Zwei ehemalige Rivalensollen die Partei nun einen
Allerdings muss sie noch die Jungsozialisten (Jusos) rund um ihren rhetorisch gewieften Vorsitzenden Kevin Kühnert bändigen. Diese sind lautstarke Gegner einer großen Koalition. Für Nahles ist das eine Begegnung mit der eigenen Vergangenheit: Sie selbst war früher Juso-Vorsitzende und später linke Parteirebellin, die, oft mit sehr schrillen Auftritten die Agenda 2010 des früheren Kanzler Gerhard Schröder lautstark kritisierte. Einer ihrer größten Gegenspieler war damals ausgerechnet Olaf Scholz: In seiner Funktion als SPD-Generalsekretär verteidigte er immer wieder die Agenda-Politik, weshalb er als "Scholz-o-mat" verspottet wurde.
Ausgerechnet die beiden früheren Rivalen werden künftig offenbar die zwei wichtigsten Politiker in der SPD sein. Allerdings sollen die beiden mittlerweile einen Draht zueinander gefunden haben. Was auch an einer inhaltlichen Annäherung liegt. Nahles ist pragmatischer geworden, während Scholzens Agenda-Verteidigung auch sehr seiner damaligen Position geschuldet war.

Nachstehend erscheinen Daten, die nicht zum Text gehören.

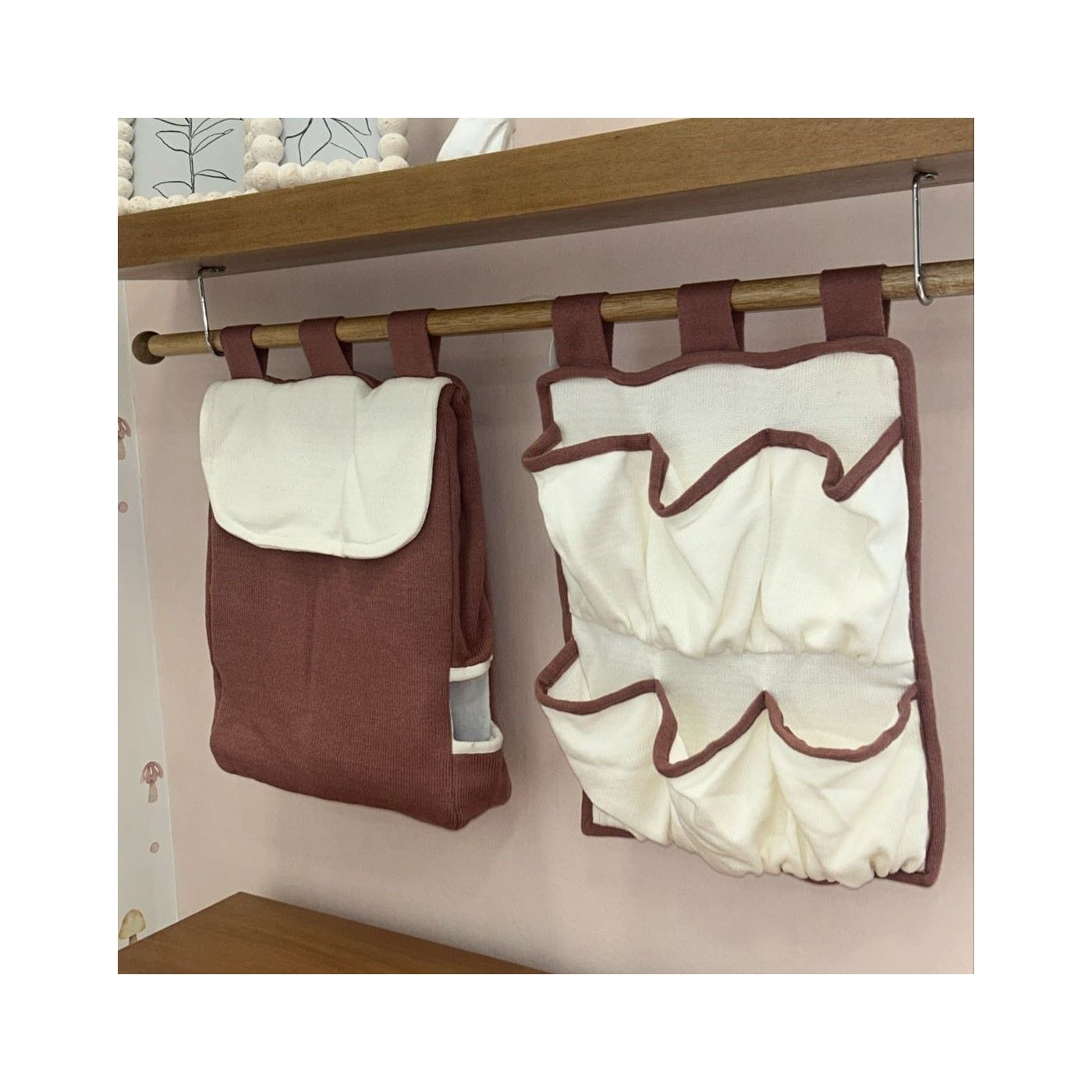 Porta Fralda e Trocador Kit Cogumelo - Off White e Vinho
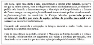 O Estado e a prefeitura devem manter equipes médicas completas em plantões de urgência e emergência em Campo Mourão.
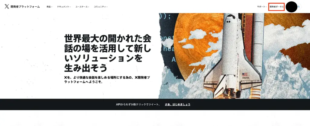 開くと下記のような画面に遷移するので、右上の開発者ポータルをクリックします。
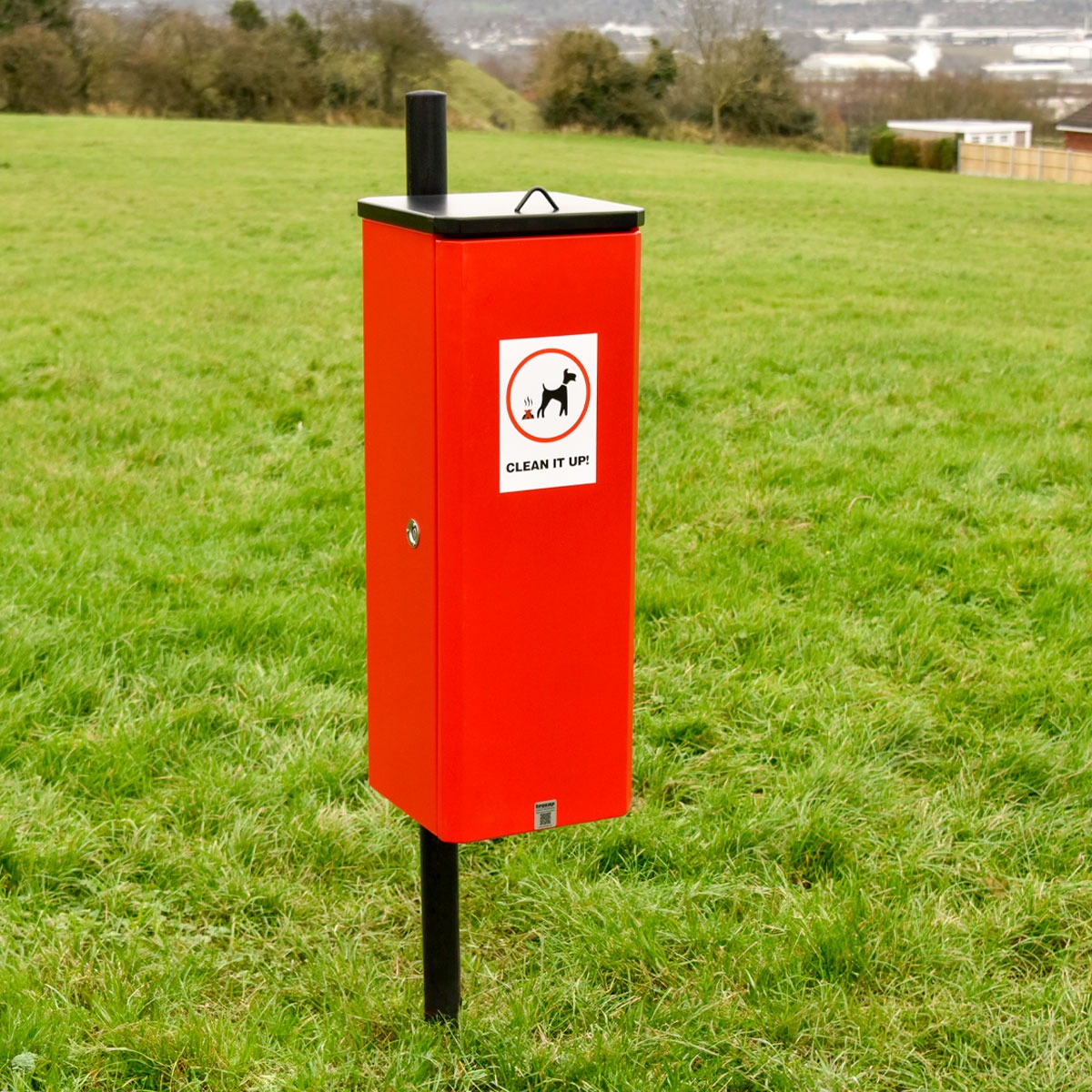 Finished in red with a contrasting black lid, this red dog waste bin offers high visibility, helping users quickly identify the correct disposal point. The colourway is widely recognised in public realm settings and aligns well with existing street furniture palettes.
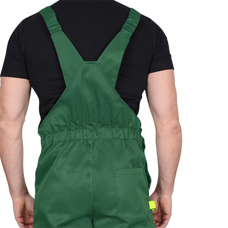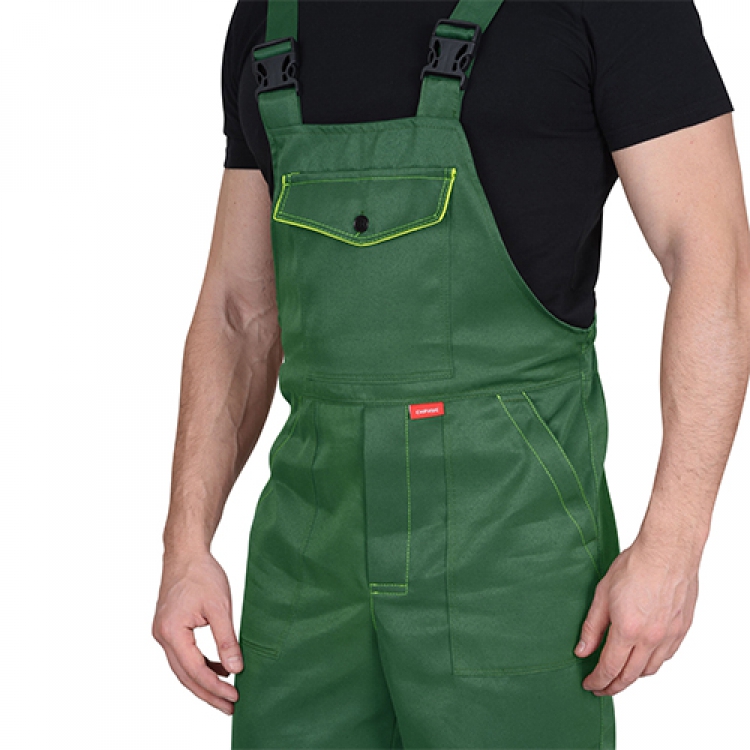 - Полукомбинезон с пряжками-фастами и эластичными лямками подходит людям разного роста. Гульфик и боковой шов застегиваются при помощи пуговиц. Нагрудный карман закрывается и предотвращает выпадение из него предметов, а остальные карманы — открытые со свободным доступом. Сзади по талии имеется утяжка эластичной лентой, которая не сковывает движений, но способствует фиксации полукомбинезона.
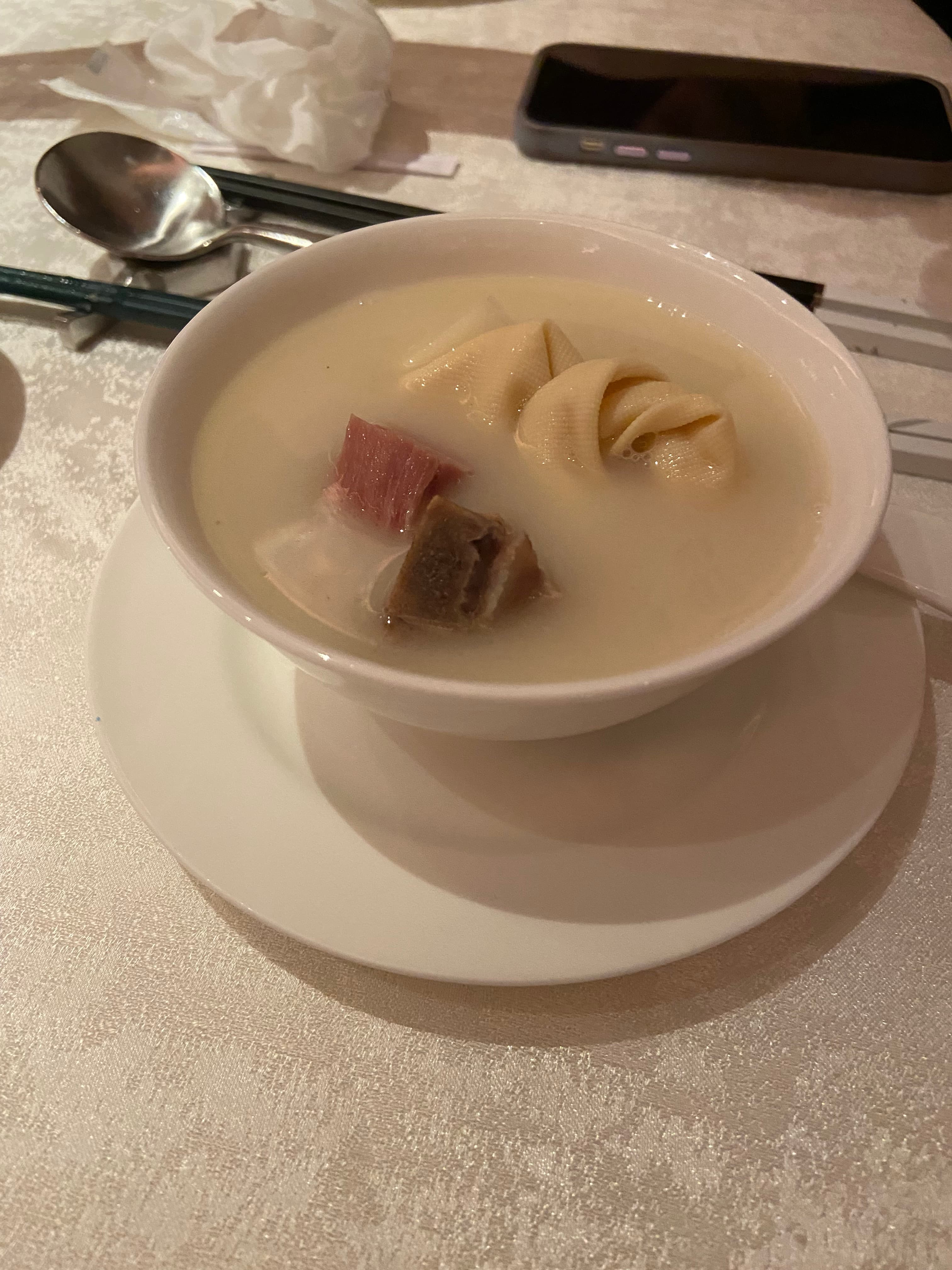 The sumptuous meal was a full-blown, multi-course, near banquet style affair featuring some exceptional, delectable and most of all, ‘authentic and traditional‘ Shanghainese dishes. Almost all my favorite cravings, including, ‘ Smoked ‘molten-lava yolk’ Duck Eggs ‘, ‘ Oil Poached River shrimp ‘, Stir fried and braised shredded Eel and yellowing chives in brown sauce and sizzling oil ‘, ‘ Yin Doak Seen Soup casserole ‘ , ‘ Silken Tofu with Shanghainese Hairy crab ragu and roe ‘ plus, of course, some authentic water fried buns, XLB and pot stickers were included!..The pan fried XLB a first for a few of us. Other additions include a dense and complex braised Chinese Hunan Ham with Taiwanese Cabbage and a well timed, stir-fried crab meat with egg white.
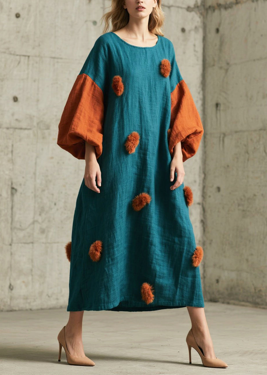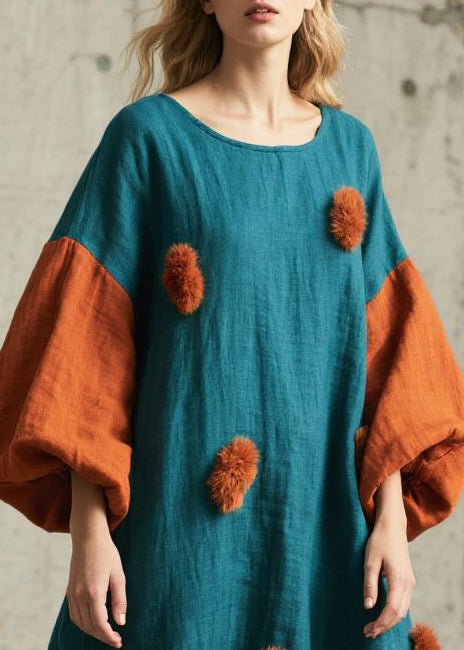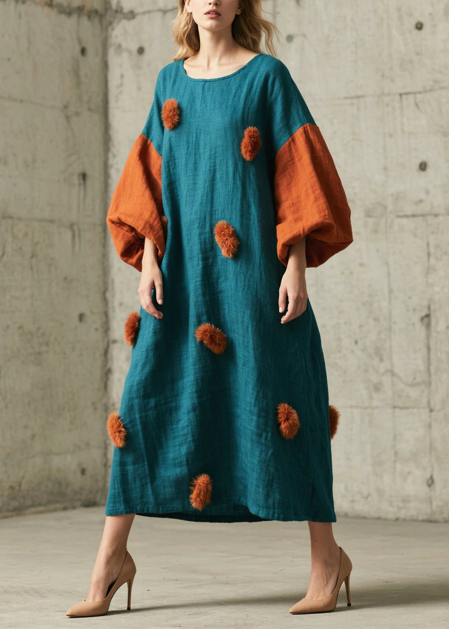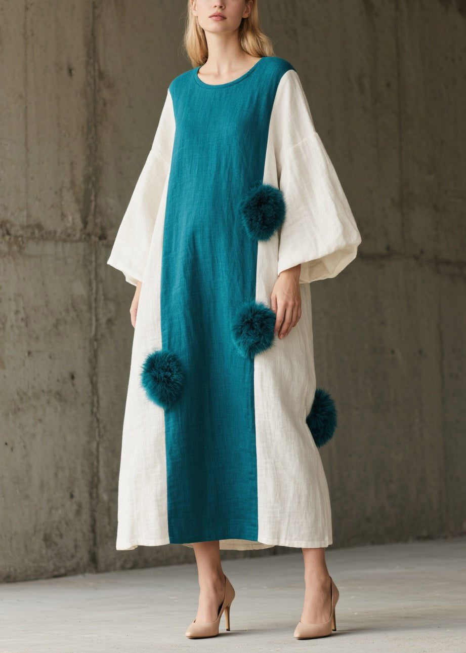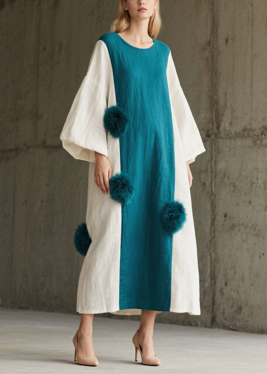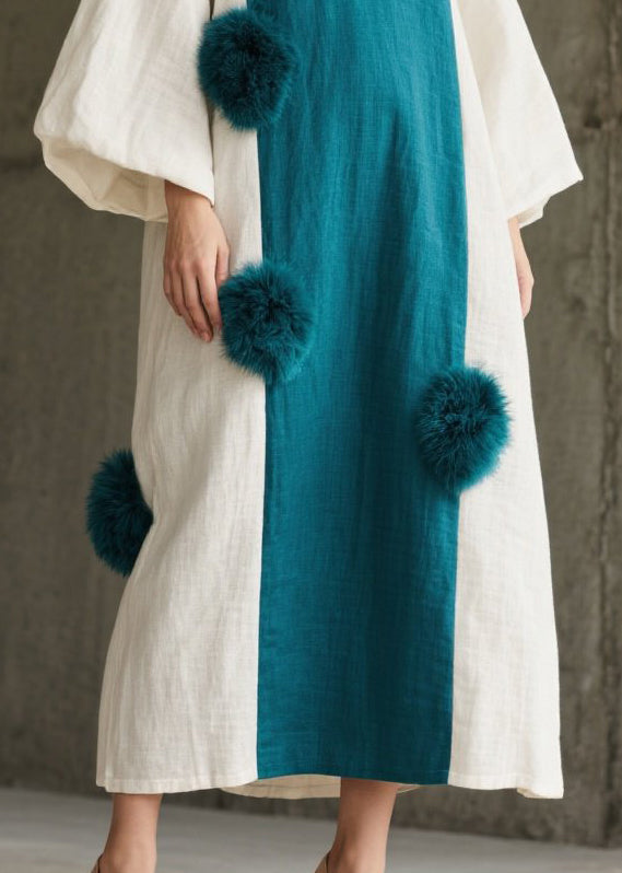 Peacock Blue Patchwork Dresses Oversized Fuzzy Ball Decorated Lantern Sleeve
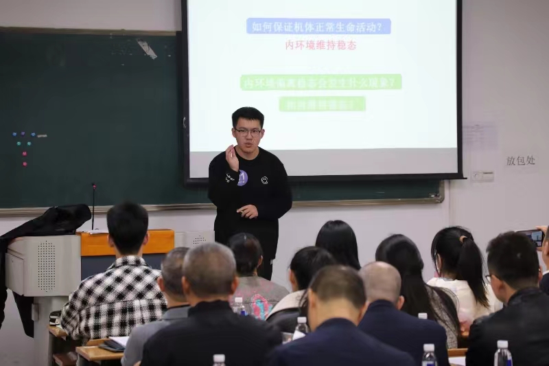 在即席讲演环节中,参赛选手依序随机抽取题目,围绕所选话题进行三分钟的即兴演讲。演讲内容涵盖时政事件、社会热点和教师发展等,将培养卓越教师与社会精英相结合,充分考验选手的应变能力。参赛选手对主题深刻剖析,条理分明,并进行严谨缜密地演讲。再加之丰富的情感和标准的普通话,深深地打动了在场的每一位评委和同学。在模拟上课环节中,选手们精心制作幻灯片,与台下的模拟学生积极互动,将上课内容与教学任务巧妙融合,环环相扣,彰显了扎实的专业知识功底。每一位选手都展现出异彩纷呈的课堂,他们正向成为更专业化、更高素质、更创新型的人民教师迈进!
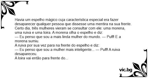 Certo dia, três mulheres vieram se consultar com ele: uma morena, uma ruiva e uma loira. A morena olha o espelho e diz:
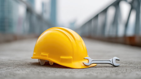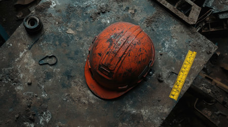 A bright orange hard hat rests on a smooth industrial surface, emphasizing safety and protection in the construction environment. Ideal for design and industry themes.
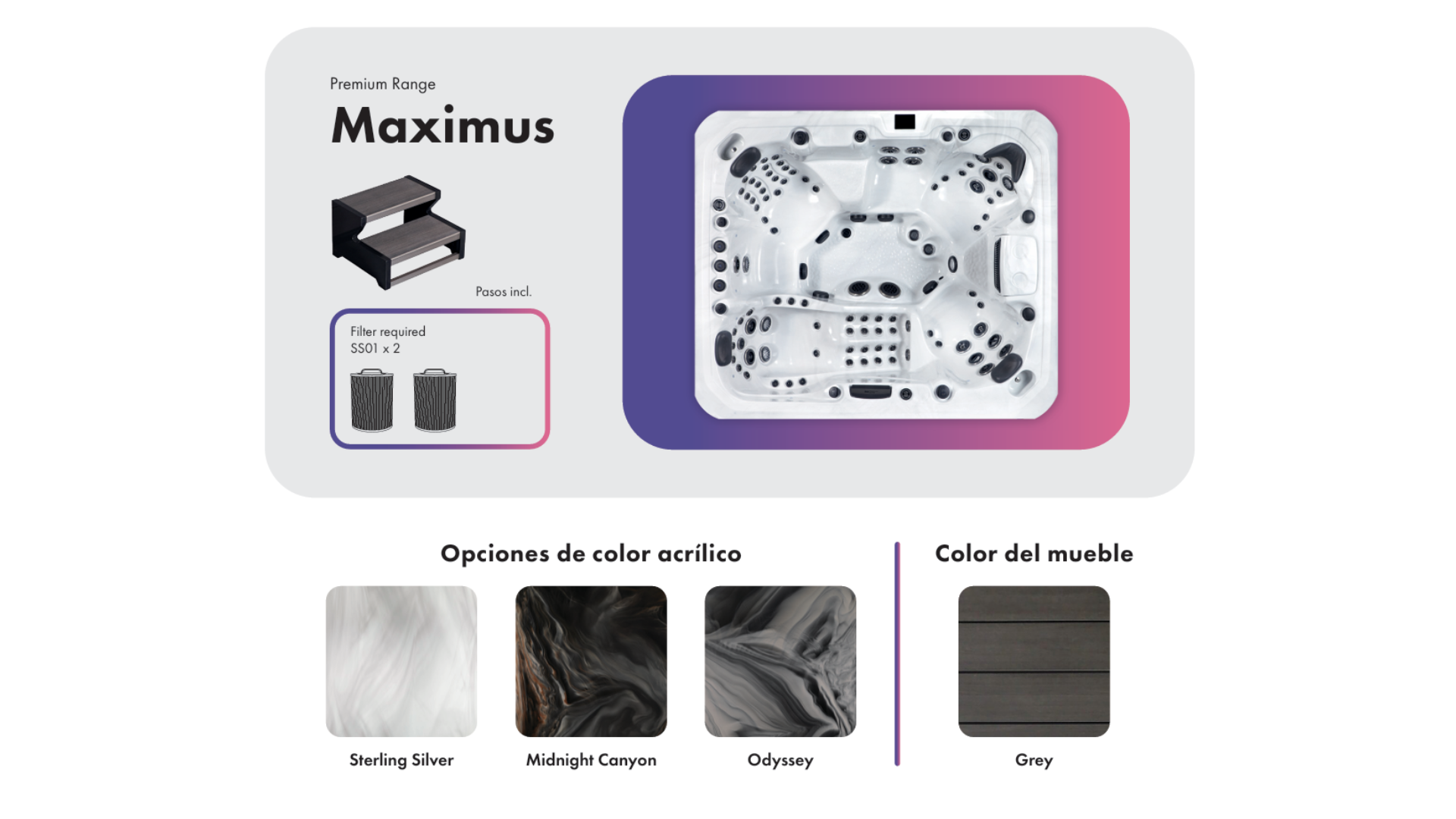 El Spa Maximus es el más grande y uno de los más potentes de la gama Premium. Su carcasa acrílica Aristech está disponible en 3 colores: Sterling Silver, Midnight Canyon y Odyssey. El Spa Maximus se beneficia de todas las características de la gama Premium, incluyendo un Sistema de sonido Bluetooth integrado y iluminación LED de alta calidad integrados en los paneles de las esquinas, así como iluminación subacuática por inundación e iluminación de la línea de flotación.
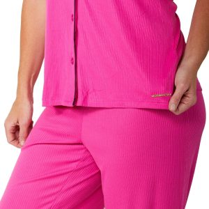 Introducing this 2-piece Sleepwear Set, a cozy and stylish addition to your nighttime routine. This set features soft ribbed fabric that provides ultimate comfort. It includes relaxed pants and a short sleeve buttoned shirt with a convenient chest pocket. Fabrication is 95% polyester, 5% spandex.
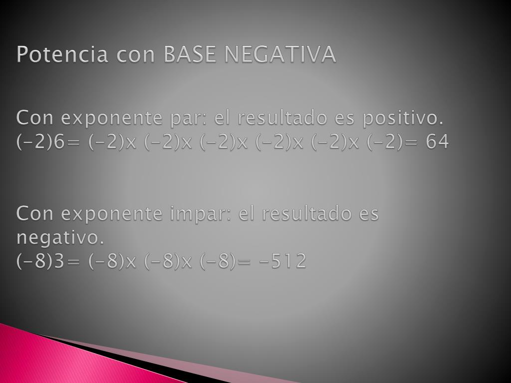 Potencia con BASE NEGATIVACon exponente par: el resultado es positivo.(-2)6= (-2)x (-2)x (-2)x (-2)x (-2)x (-2)= 64Con exponente impar: el resultado es negativo.(-8)3= (-8)x (-8)x (-8)= -512
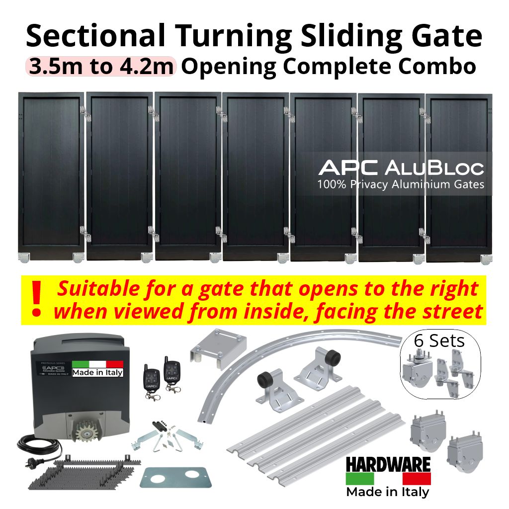 Sectional turning sliding gate kits are specially designed for space-saving (Gate-Panels Follow a Curve Around The Corner). If you need your gate to slide around a corner in a limited space, a turning corner sliding gate hardware set is just what you need.
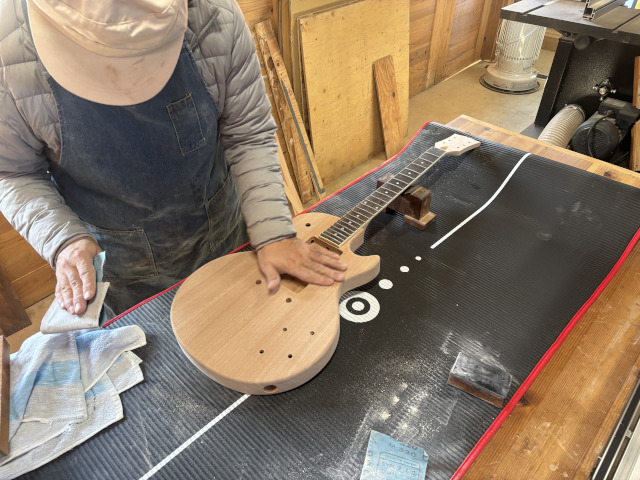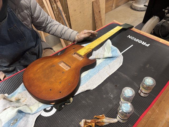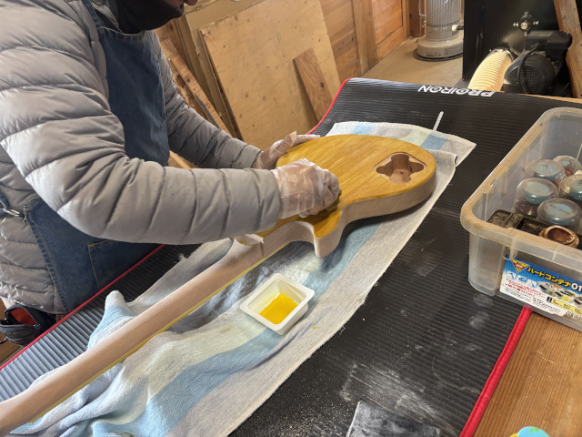 今日は、ギター製作を学んでいる塾生がきて、製作中のギターを着色しました。

Sowohl Scholz als auch Nahles sind altgediente SPD-Politiker. Ausgerechnet diese zwei bekannten Gesichter müssen nun ein wieder aufgewärmtes, ungeliebtes Zweckbündnis mit der Union als Neustart für die SPD verkaufen und - eine Zustimmung der Mitglieder vorausgesetzt - die nächsten vier Jahre moderieren. Und das vor dem Hintergrund, dass die in den Umfragen immer weiter nach unten purzelnde SPD mit dem Rücken zur Wand steht.